В самом начале января следующего года он наконец-то читает на собраниях у государыни — императрицы своего «Князя Серебряного». Чтения проходят с огромным успехом, автор удостаивается личного подарка государыни, а впоследствии книга будет рекомендована как образцовая для детского и юношеского чтения. Странно, что критикой роман почти не был замечен... Да, господа мои, очевидно критикам той поры требовалось нечто более «соленое» или откровенно протестное, нигилистическое, либо еще какое-нибудь. А тут, собственно, чуть ли не верноподданический гимн. Остается лишь сожалеть, что предки наши в массе оказались столь близоруки и вообще ограничены. Читай они роман внимательно и с душой, возможно... Впрочем они и с Ф. М. Достоевским подчас аналогичным образом поступали, хаяли, не понимали... А потом, утратив монархию и предав самодержца, бегали, как настеганные, якобы «спасая Россию»... Правда, справедливости ради, хотелось бы и А. М. Горького помянуть не добрым словом в связи с цитатой, приведенной в начале статьи,— где же он слащавость и лубочность обнаружил? Вчитайтесь в «Князя...», перед нами впечатляющее, масштабное, художественно-историческое произведение, исследующее очень непростые отношения гражданина и власти в период острейшего кризиса последней. Прекрасно показана противоречивая, психически не здоровая, жуткая порой, личность Иоанна IV Грозного в период Опричнины, когда царь, наверняка преследуемый кошмарами молодости, мстит родовитой аристократии за испытанные в отрочестве и юности ужасы, ведь в самом начале царствования малолетний царь стал по сути заложником борьбы боярских партий, свидетелем народных бунтов, когда страх смерти, да и сама смерть, были его ежедневными спутниками. Казалось бы и служить такому государю нет никакого смысла, ибо любого подстерегает опасность быть отравленным или казненным, после изощренных издевательств и пыток, безо всякого повода или из корысти тех же опричников, но...

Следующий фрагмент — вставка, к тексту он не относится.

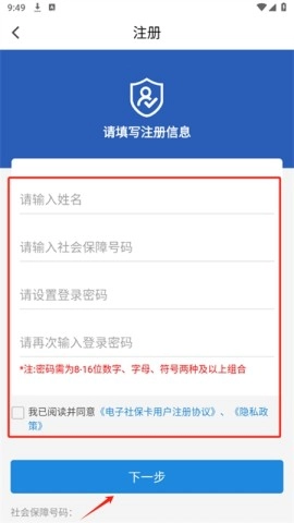 4、填入你的姓名等基础信息,设定好登录密码,点击“下一步”,注册即可轻松完成,简单又快捷!
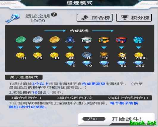 通关1-10后解锁忘却的遗迹(纯三消玩法),每周任务需完成5局挑战,失败也计为一局,可通过反复进出快速达成任务目标。
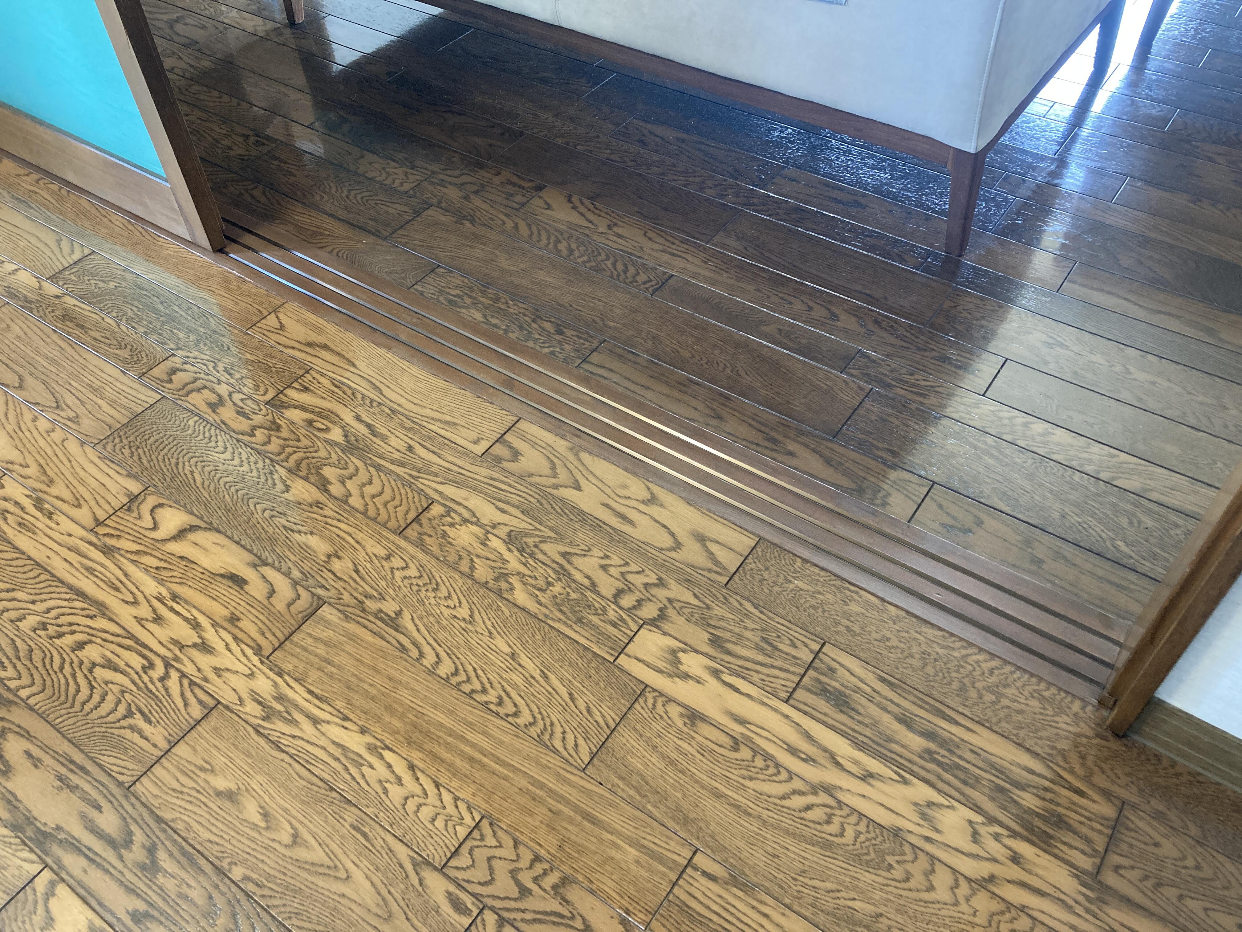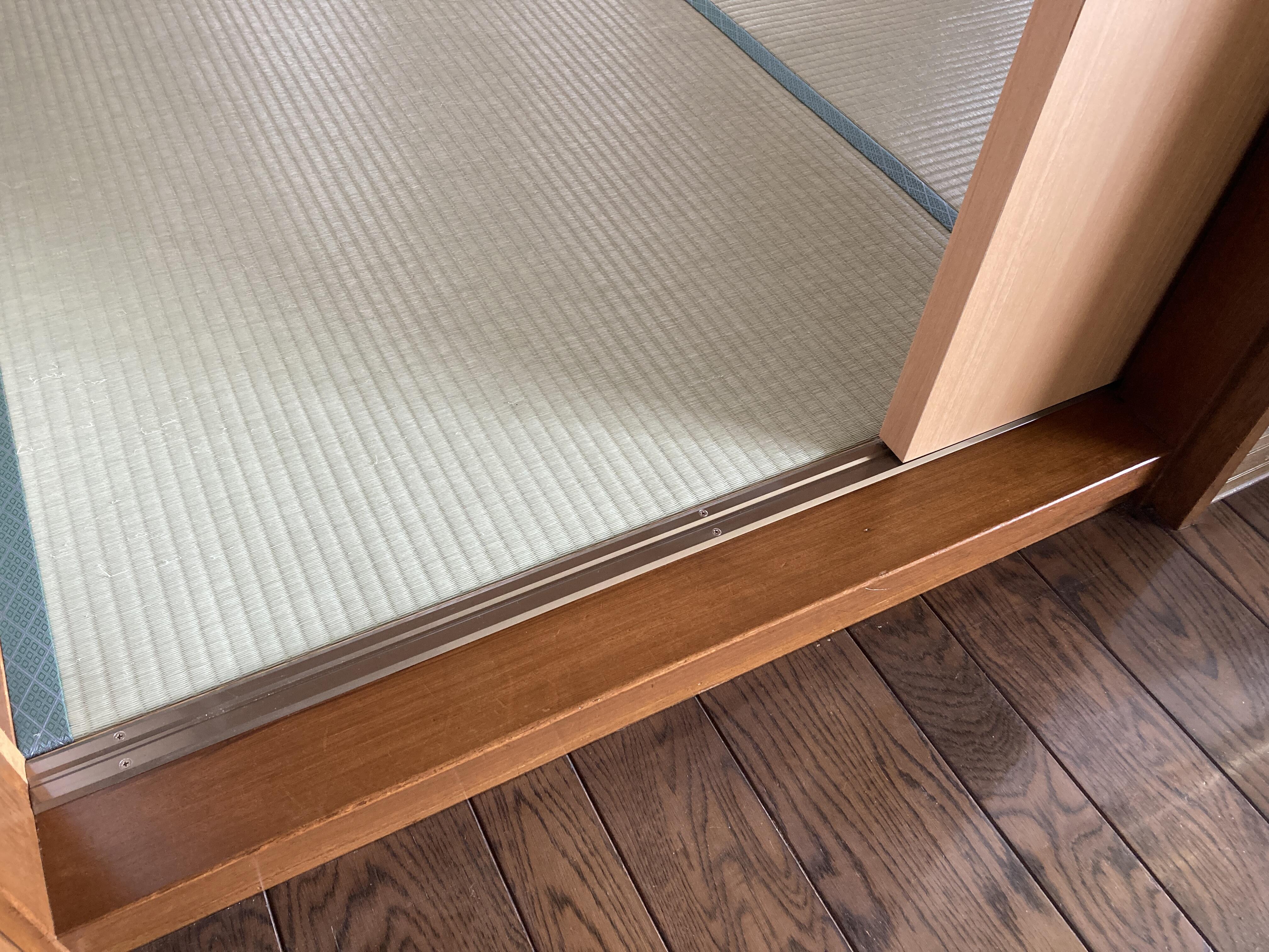 ちいさなお孫さんが来られた際に危なくないように、リビング・ダイニングの間仕切りレールの段差をなくせないかとのことでした。
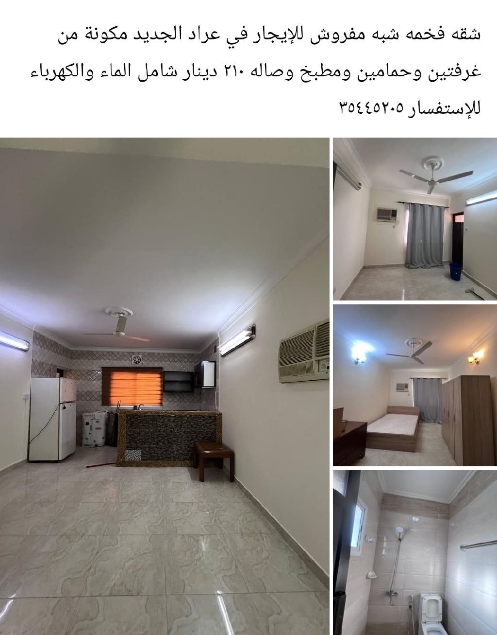 شقة فخمة شبه مفروشة للإيجار في عراد الجديد، مكونة من غرفتين وحمامين ومطبخ وصالة، بسعر 210 دينار شامل الماء والكهرباء.
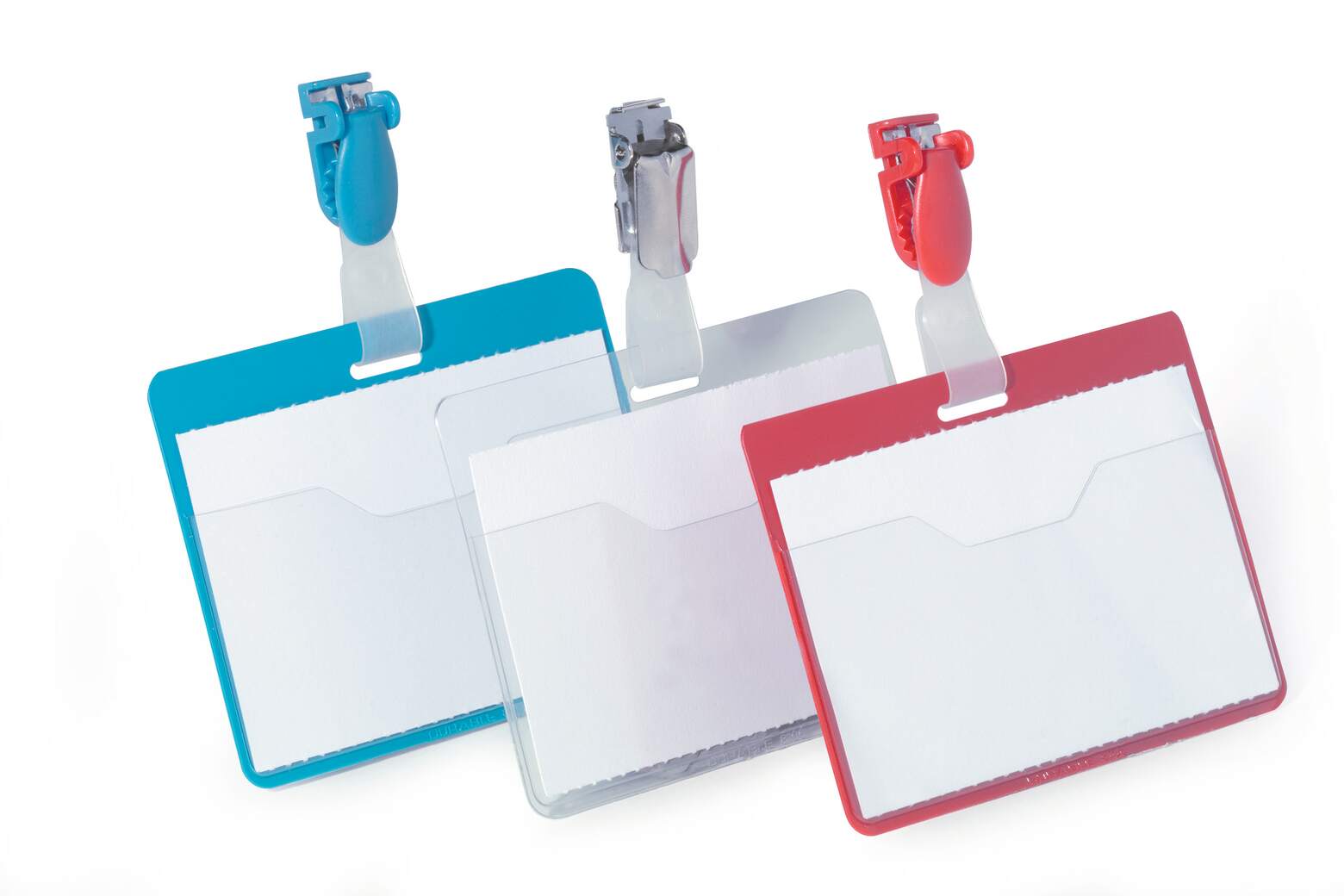 Konferensdeltagare, besökare på företag, personal på mässor, i butiker, serviceyrken och säljare - listan kan göras lång där det finns behov av namnbrickor i olika storlekar, design och fastsättningsmöjligheter. Den här namnskylten är i liggande format 60x90mm med ett vridbart hängselclips som gör att skylten alltid hänger i rätt läge. Den nedskurna framsidan gör det enkelt om kortet ska bytas relativt ofta. Vita etiketter i en remsa medföljer. Etiketter på A4-ark för utskrift i skrivare kan beställas separat. Använd gratisprogrammet DURAPRINT® som finns på www.duraprint.se för att skapa och skriva ut snygga namnetiketter. Tillbehör: Badgemaker® etiketter på A4- ark för utskrift i skrivare, artikelnr 145602

Но были, есть и будут на Святой Руси люди чести и долга, люди совести и веры, для которых жизнь имеет смысл, ежели она может быть положена на алтарь Отечества, которые присягают один раз, а присягнув, не колеблясь следуют этой присяге, считая государя, каким бы он ни был, действительно помазанником Божьим, данным свыше народу, либо в поощрение, либо за грехи. Такие люди свято чтят любовь, и свою и чужую, но никогда не испачкают высокое чувство низменными страстишками и не пойдут ради удовлетворения оных на преступление. Именно таким и предстают перед нами князь Никита Романович Серебряный и боярин Дружина Андреевич Морозов с супругой Еленой Дмитриевной, бывшей возлюбленной князя. Это яркие антиподы опричников — Вяземского, Годунова, Скуратова, Басмановых, Грязнова... Тяжкие испытания уготованы главному герою и его близким, но себя они не уронят, против совести не пойдут, даже под страхом неминуемой смерти, но и присяге, и государю, и личным нравственным установкам не изменят.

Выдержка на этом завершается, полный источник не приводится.